**TASK INSTRUCTIONS**
All that is needed is the run of lines from the top of the entries to the line with "北農(nóng)近年來拍賣香", that line included, repeated exactly and free of pictures.

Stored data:
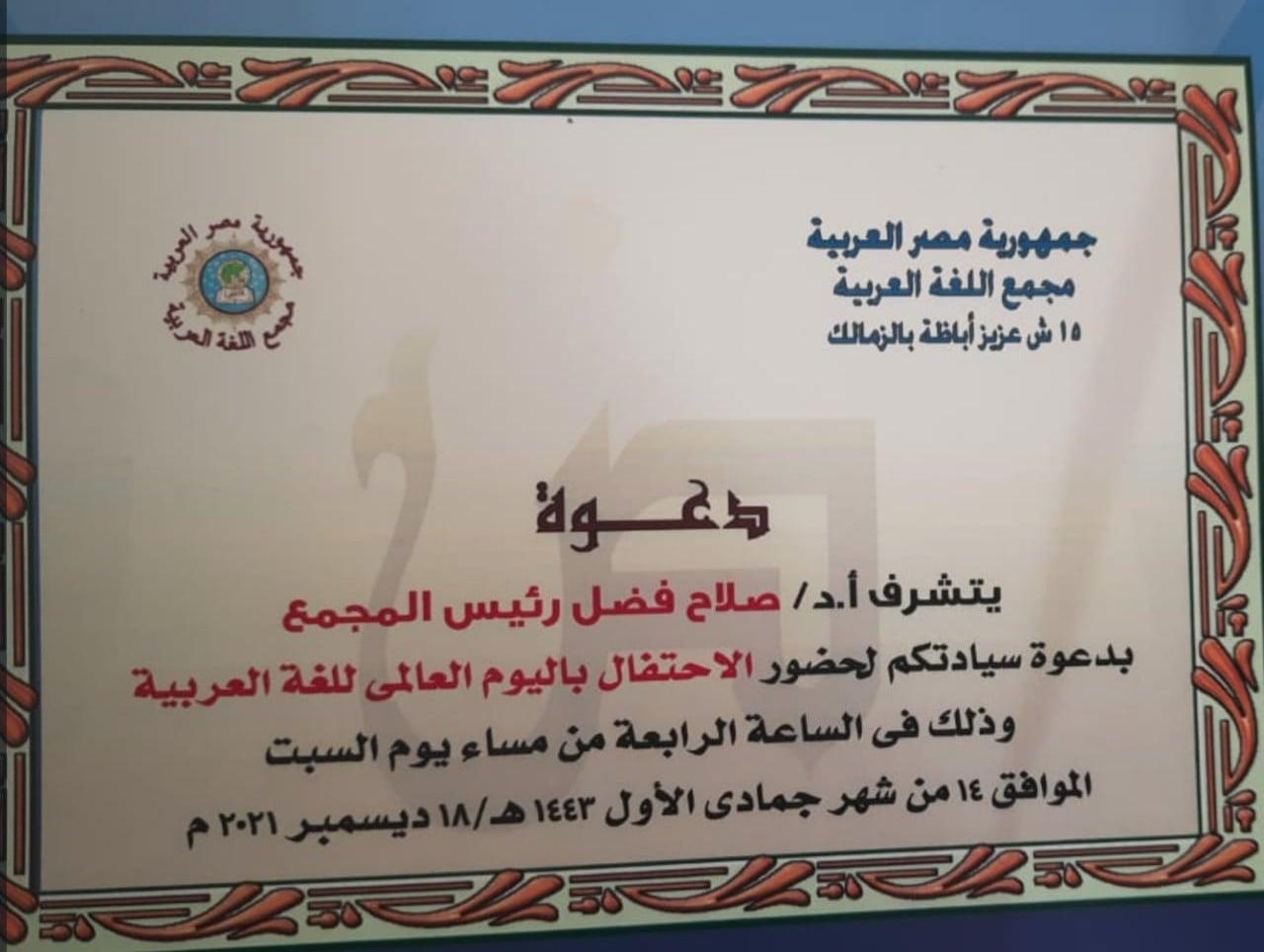 مجمع اللغة العربية بالقاهرة ينظم فعالية للاحتفال باليوم العالمي للغة العربية 18 ديسمبر 2021م
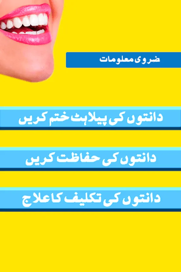 Apny danto ko bakadgi se saaf karna chiyee ager ap k daanto per pelhat hei or ap un ko saaf hein karna chaty hein to is app mein ap k lye bohat sare totky hein jin ki madad se ap apny daant safeed motimo ki tarha chamka sakty hein.
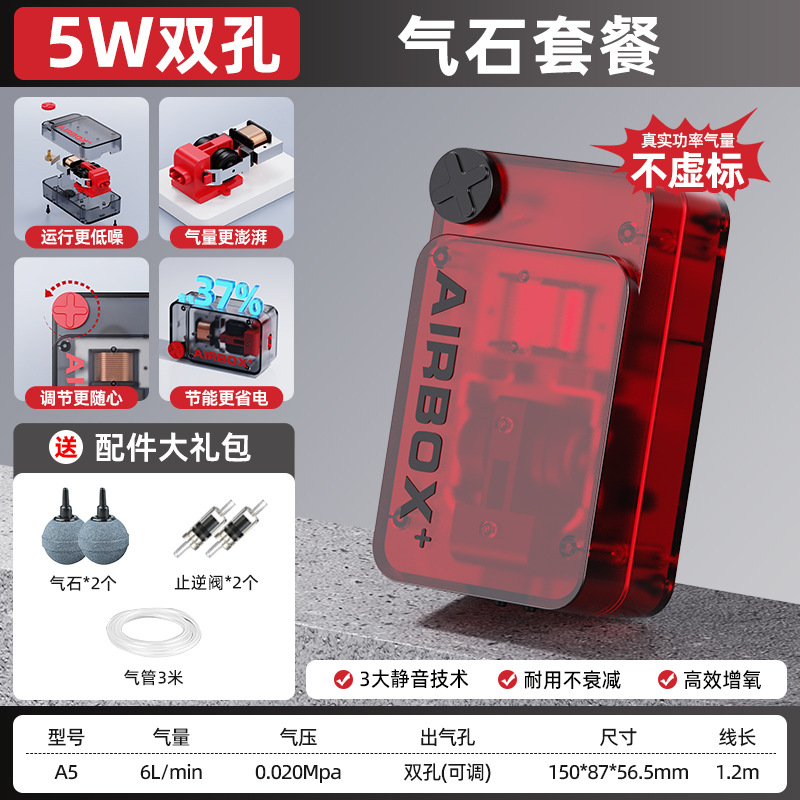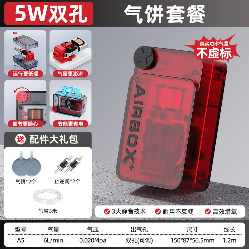 • 수심 50cm 이내 적합한 레드 5w 더블 홀 에어스톤 패키지
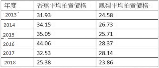 北農(nóng)近年來拍賣香蕉、菠蘿平均價格。(數(shù)據(jù)源:臺北農(nóng)產(chǎn)運銷公司 單位:元新臺幣/每公斤)
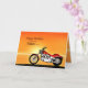 En motorcykel som liknar en Harley som står vid havet med en strålande orange solnedgång. Ett underbart kort för alla som tycker om cyklar och motorcyklar.Se hela korten för åldrar och relationer i min butik. Alla upphovsrätter till teckningar Norma Cornes
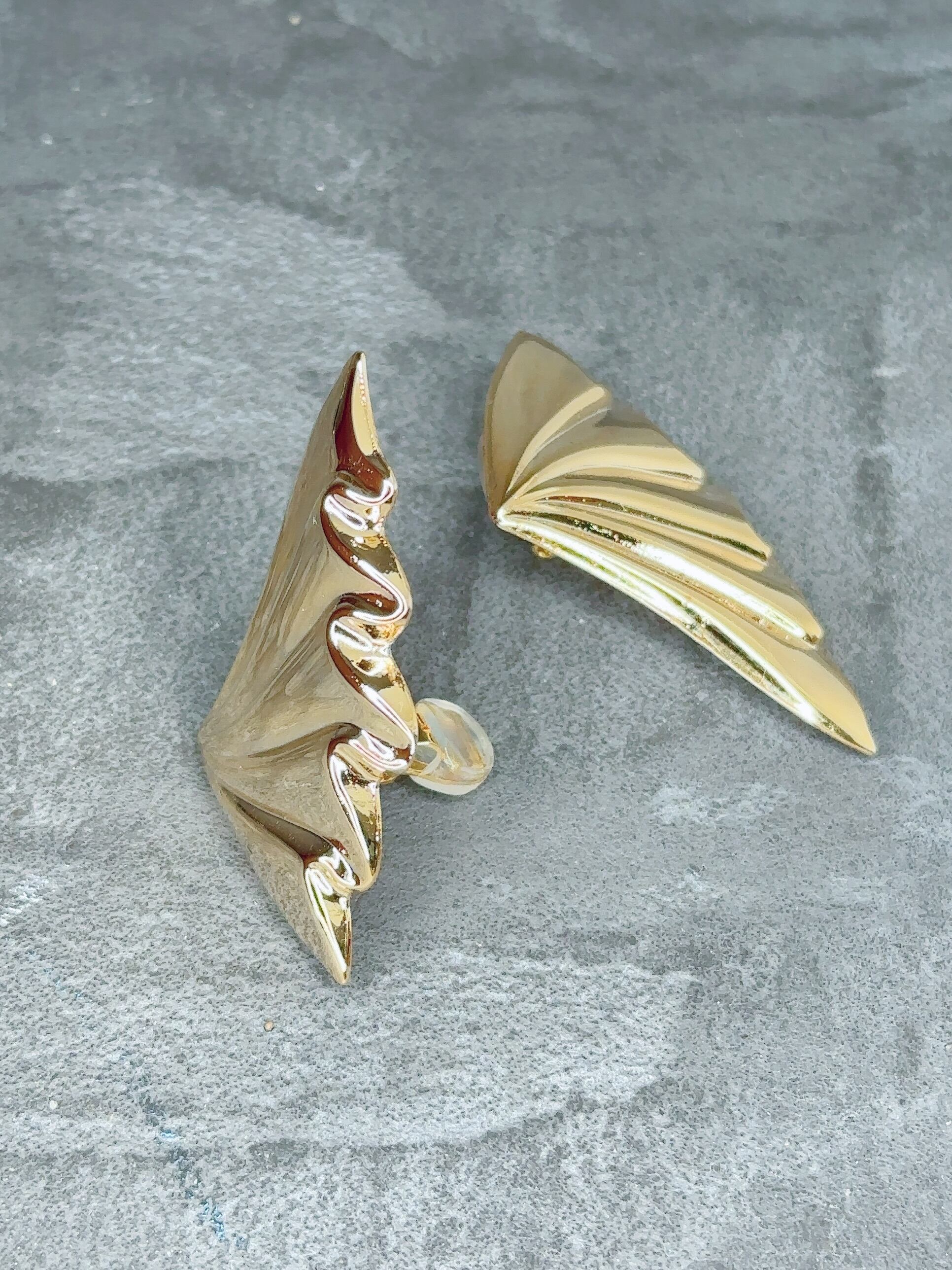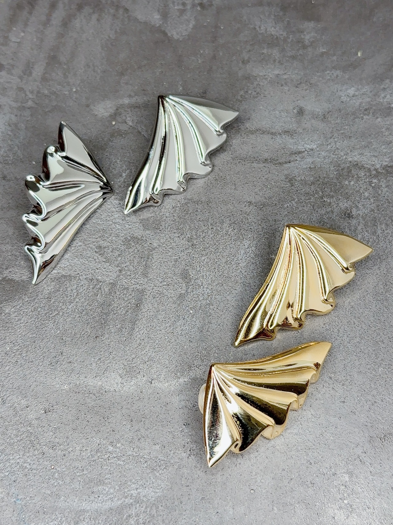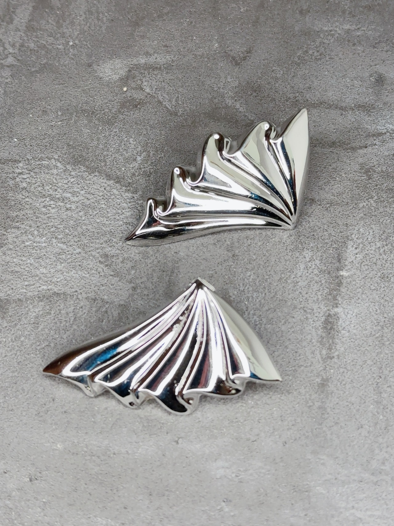 柔らかく波打つドレープラインが光を受け、耳元に奥行きのある表情を生み出します。
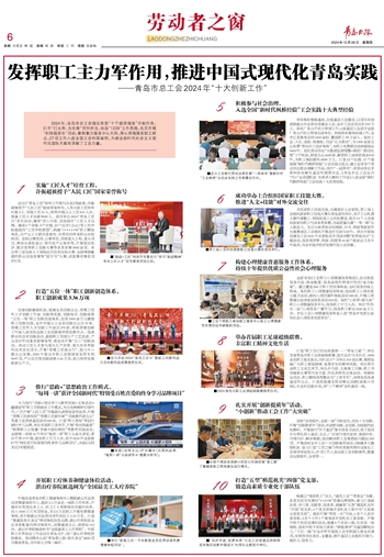 2024年,青岛市总工会锚定市委“十个提质增效”目标任务,扛牢“打头阵、当先锋”责任担当,突出“1239”工作思路,扎实开展“创新提质年”活动,聚焦聚力服务中心大局,用心用情服务职工群众,27项工作入选全国工会创新案例,为建设新时代社会主义现代化国际大都市贡献了工会力量。
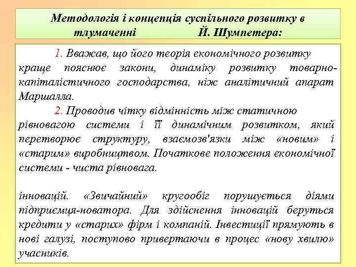 Методологія і концепція суспільного розвитку в тлумаченні Й. Шумпетера: 1. Вважав, що його теорія економічного розвитку краще пояснює закони, динаміку розвитку товарнокапіталістичного господарства, ніж аналітичний апарат Маршалла. 2. Проводив чітку відмінність між статичною рівновагою системи і її динамічним розвитком, який перетворює структуру, взаємозв'язки між «новим» і «старим» виробництвом. Початкове положення економічної системи - чиста рівновага. інновацій. «Звичайний» кругообіг порушується діями підприємця-новатора. Для здійснення інновацій беруться кредити у «старих» фірм і компаній. Інвестиції прямують в нові галузі, поступово привертаючи в процес «нову хвилю» учасників.
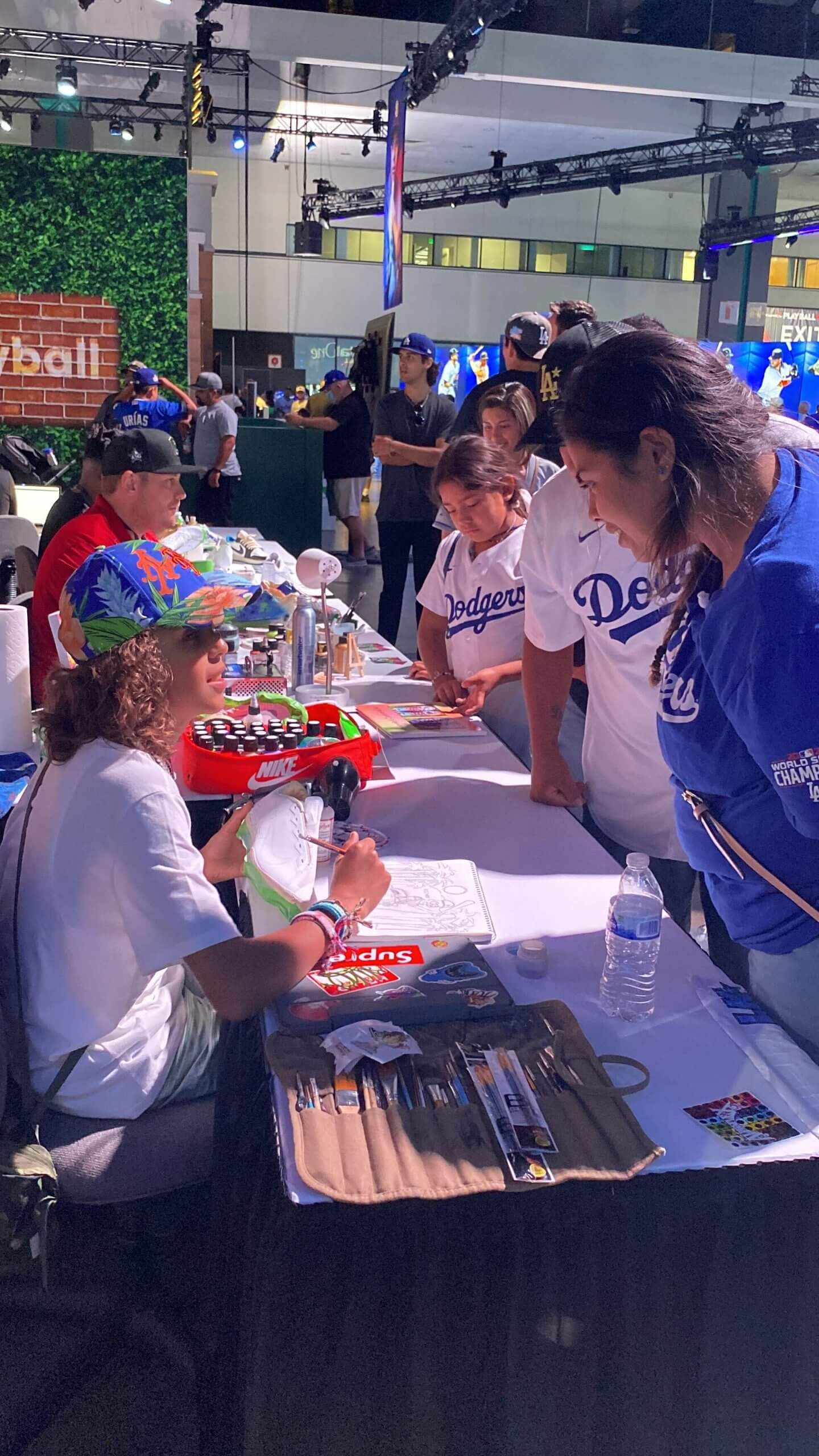 Before he knew it, he was swarmed by curious students as he gave a live demonstration painting a cleat. They asked questions, watched with intent, and some even got the chance to add a few strokes of paint with Taveras’ guidance.
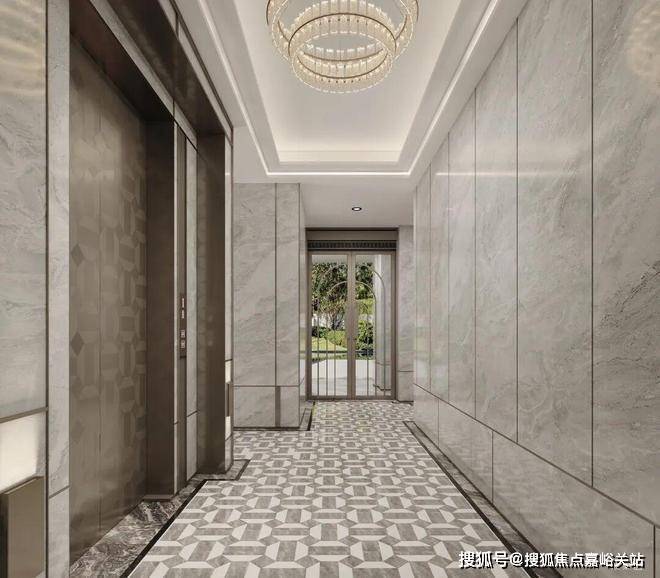 再次,项目首层大堂与电梯轿厢品质感拉满。首层入户大堂,石材搭配金属装饰条的地面、墙面,空间宽敞气派,质感十足。
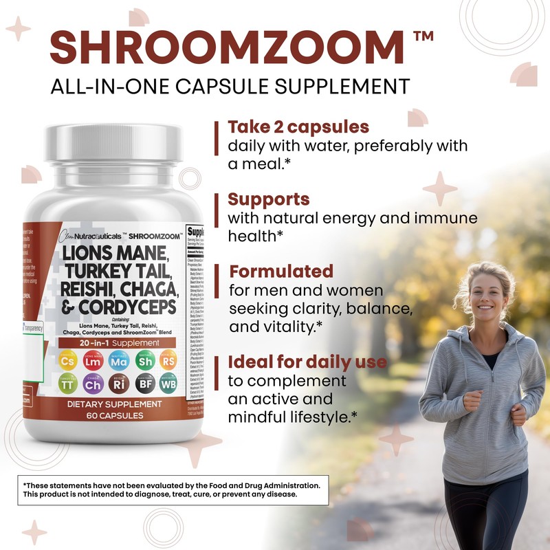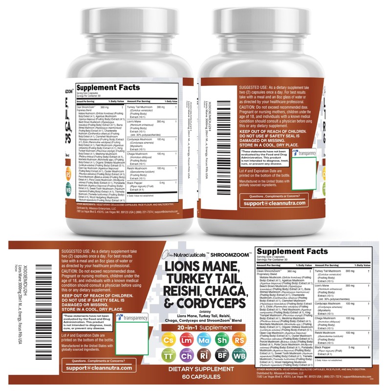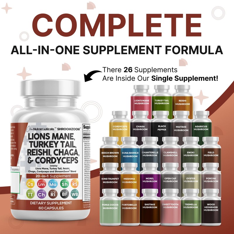 - A Powerful All In One Support Supplement - ShroomZoom is overflowing with potent lions maine, turkey tail capsules, reishi mushroom capsules, chaga extract, and cordyceps sinensis powder. Clear out those countless supplements in your supplement cabinet like reishi mushroom gummies and take just one lions main, turkey tail mushroom supplement, reishi extract, chaga pills and cordyceps supplement containing an overall 20-in-1 mushroom pills formula from Clean Nutraceuticals.
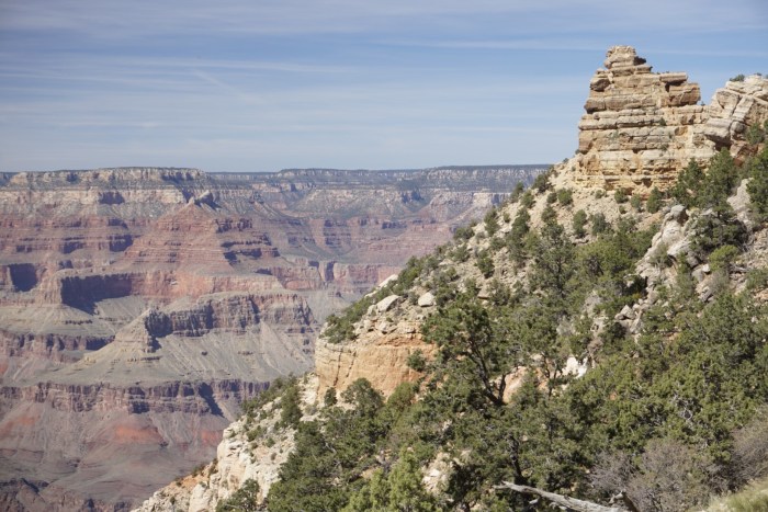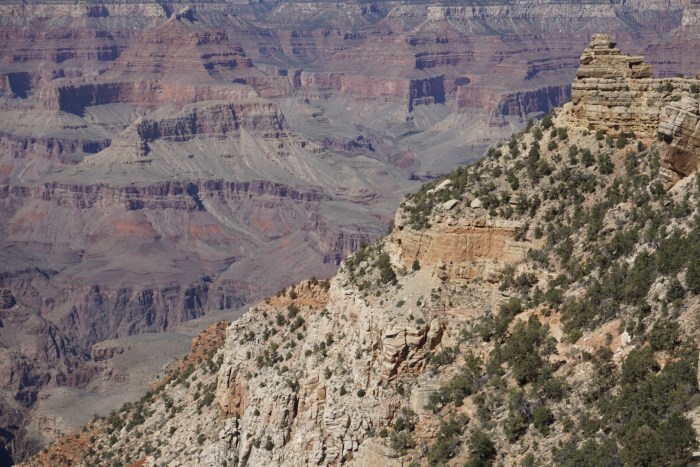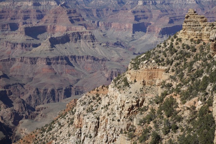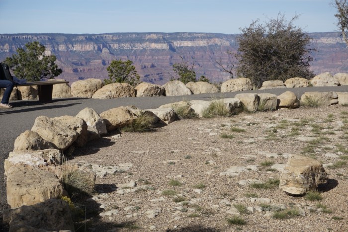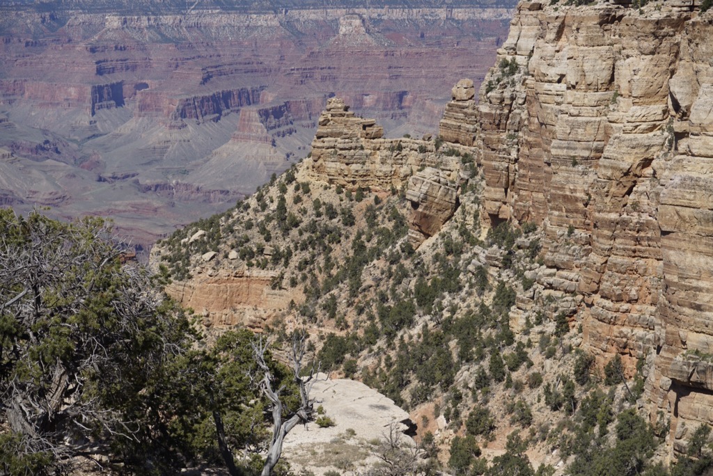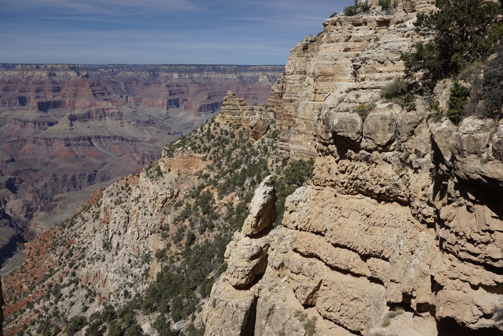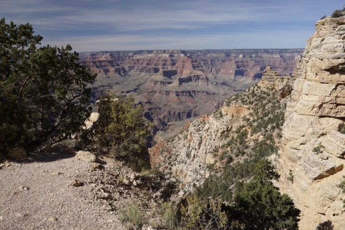 Wieder oben angelangt, lasse ich mich vom Bus noch kurz zum nächstgelegenen Aussichtspunkt, dem Yaki Point, bringen, bevor es, wiederum per Bus, zurück Richtung „Zentrum“ geht. Zum „Auslaufen“ wandere ich noch rund 5 Kilometer auf dem asphaltierten, ebenerdigen Rim Trail zwischen Yavapai Point und Bright Angel Lodge entlang, der ebenfalls wunderschöne Ausblicke bietet.

**OUTPUT FOR THIS EXERCISE**
 مجمع اللغة العربية بالقاهرة ينظم فعالية للاحتفال باليوم العالمي للغة العربية 18 ديسمبر 2021م
 Apny danto ko bakadgi se saaf karna chiyee ager ap k daanto per pelhat hei or ap un ko saaf hein karna chaty hein to is app mein ap k lye bohat sare totky hein jin ki madad se ap apny daant safeed motimo ki tarha chamka sakty hein.
 • 수심 50cm 이내 적합한 레드 5w 더블 홀 에어스톤 패키지
 北農(nóng)近年來拍賣香蕉、菠蘿平均價格。(數(shù)據(jù)源:臺北農(nóng)產(chǎn)運銷公司 單位:元新臺幣/每公斤)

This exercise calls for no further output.